大学生と講師のシリーズ
自惚れの法則(4年7月) 2
言葉もなく、ただ歩く。
夏の風は湿気を含んで息苦しい。それでも、この背中を追うことは苦痛ではなかった。
時折心配そうに、ともすれば不安げに見えるほど頻繁に、松下からの肩越しの視線が向けられた。早智子はその度、微笑みを返す。不思議なほど落ち着いた気持ちでいた。
(――昼間の、が、)
(誰であっても、もう、)
気にならなかったと言えば嘘になる。
けれど、この、子供みたいにまっすぐな好意を疑う気には最早なれない。
冷たいカフェモカの甘さを口の中で味わいながら、松下のゆっくりとした歩調に合わせて歩く。
(もう少し早足でも大丈夫ですよ)
喉元まで出かかっているその科白を、けれど早智子は口にしない。松下のその優しさが、そして、一緒にいる時間が延びることが、心地よかったから。

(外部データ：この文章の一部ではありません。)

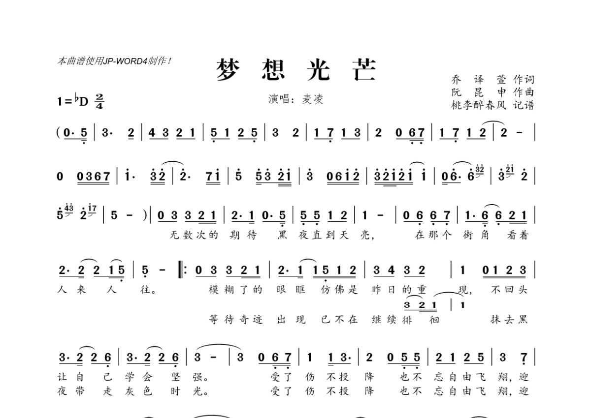 《梦想光芒》是麦凌演唱的一首歌曲,拍号为2/4拍,这份简谱共有两张高清图谱,图谱由 @桃李醉春风 编配上传。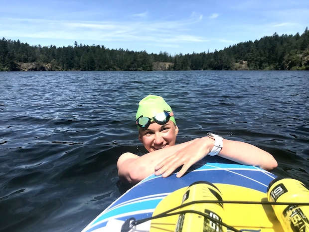 Like anything, becoming more confident in open water takes practice. I am one of those crazy people who swam in lakes for months straight during 2020. Like, I did my entire swim training as normal, just in a lake. I was living in Victoria, British Colombia at the time and there were not one, but multiple, gorgeous, calm lakes to choose from. I’d previously avoided too much open water swimming. Coming from the pool and knowing the pace of every 50, I didn’t like the unknowns around my paces and distances in open water.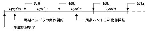 コンフィギュレーション時に定義した起動位相(初期起動位相cycphs,起動周期cyctim)で対象周期ハンドラに対する起動タイミング設定処理が行われます。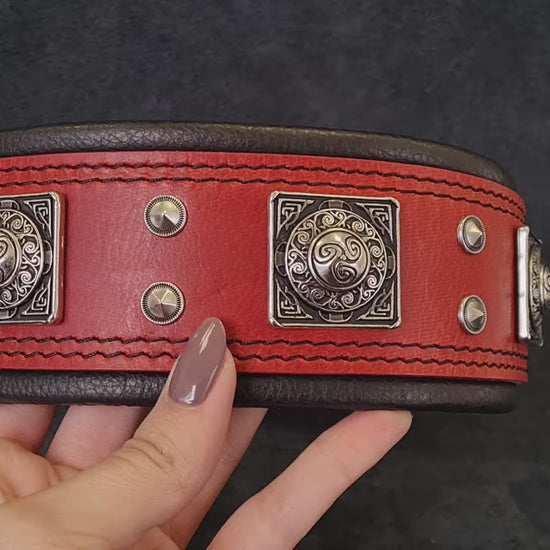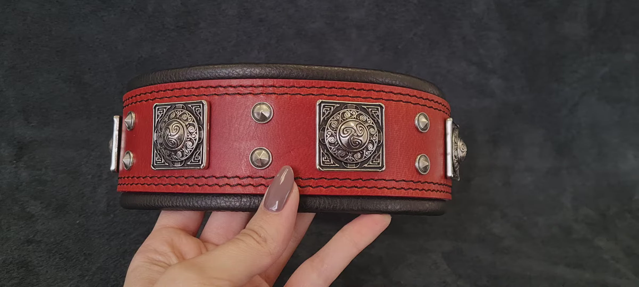 The "Eros" collar, part of our "Exclusive" collection, features a combination of two rivet models.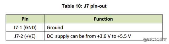 外部供电接口(J7)的引脚说明: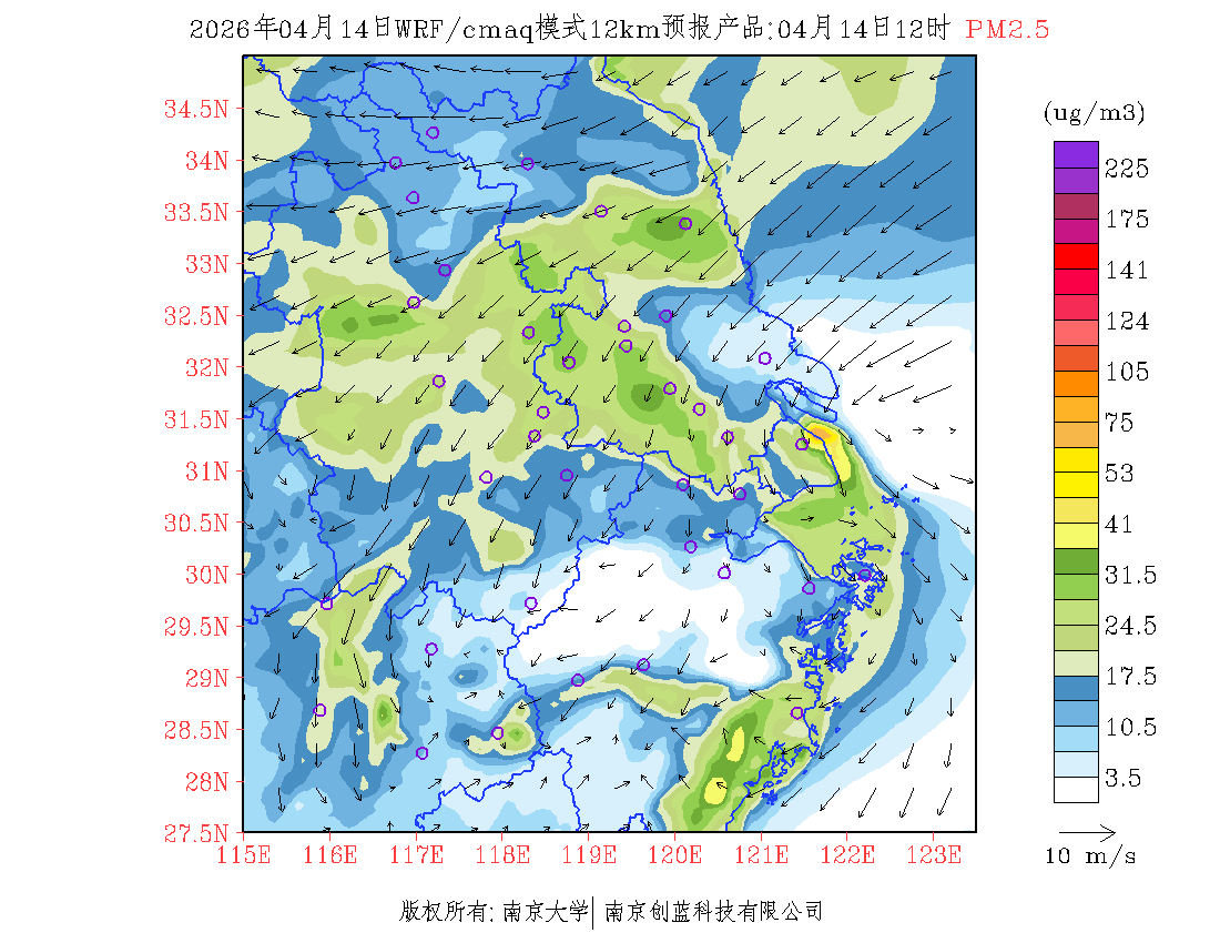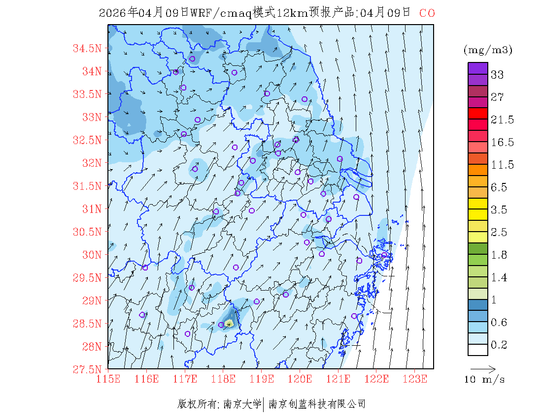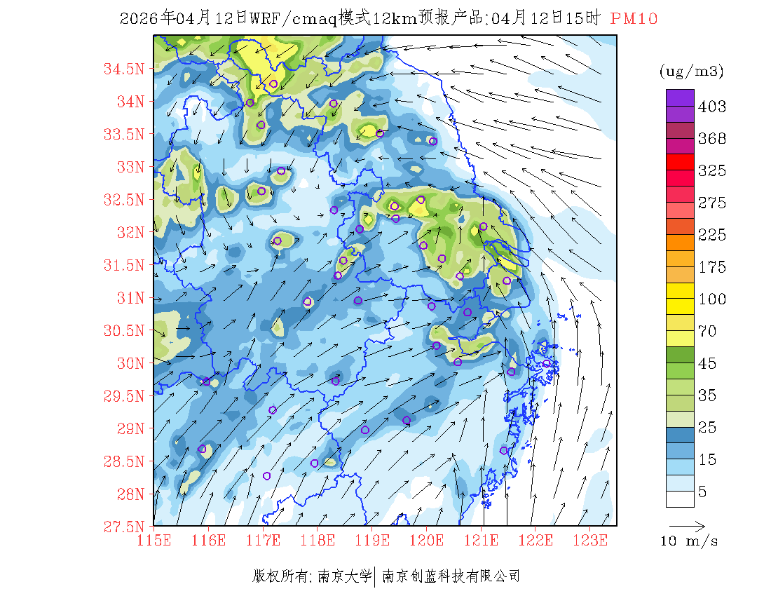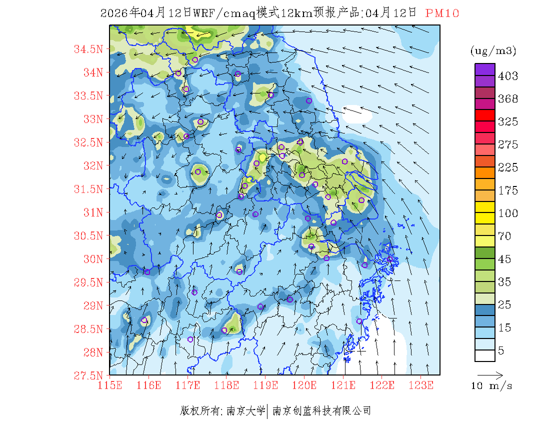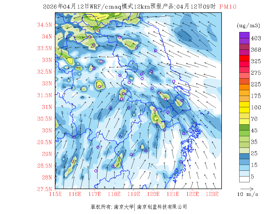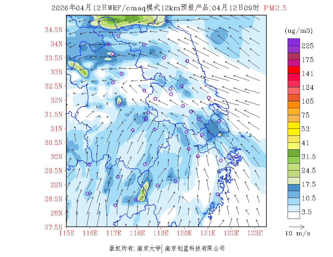 长三角地区浓度预报场(12km)

また、松下がこちらに視線を向ける。早智子は苦笑し、何歩か早歩きして、松下の横に並んだ。
「早智子さん、今日はすみませんでした、追い返すような真似をして」
松下が唐突に語り出す。早智子はいいえ、と、答えた。
「でも、」
「気にしてないですよ?」
「あのとき、中にいたのは、……、」
言いかけた松下がふっと声を途切れさせる。早智子は少しくちびるで笑う。
「……、先生はそれ、話したいですか?」
そう問いかけると、松下は小さく目を見開く。わかりにくい変化だったが、早智子の目には確実なものに見えた。
「話したいけど、話したら私が傷つくと思ってやめているなら、私は聞きたい。話したくないけど、話さないと私が気にすると思っているなら、それは杞憂です。話さなくていいですよ」
早智子はきっぱりとそう告げる。松下はしばらく黙ったあとで、くくく、と笑い出した。左手で口のあたりに拳をつくりながら。
「……、かっこいいね、きみ」
そんな風に苦しい息の中から松下が告げる。早智子は笑う。
「自惚れてるからですよ」
「え?」
「誰のせいだと、思ってるんです?」
まだ少し笑っている松下の右手に、すっと左手を伸ばした。
「……うん、そうか、……僕も自惚れておこう」
そんな風に松下が答え、早智子の手をやわらかく握った。
また、言葉もなく、歩く。
冷たい指先と、甘いカフェモカの味と、松下の笑い声と。
息苦しいような夏の空気が少しだけ、やわらかく感じられる気がした。
松下は結局、何も話さなかった。
早智子も、尋ねることはしなかった。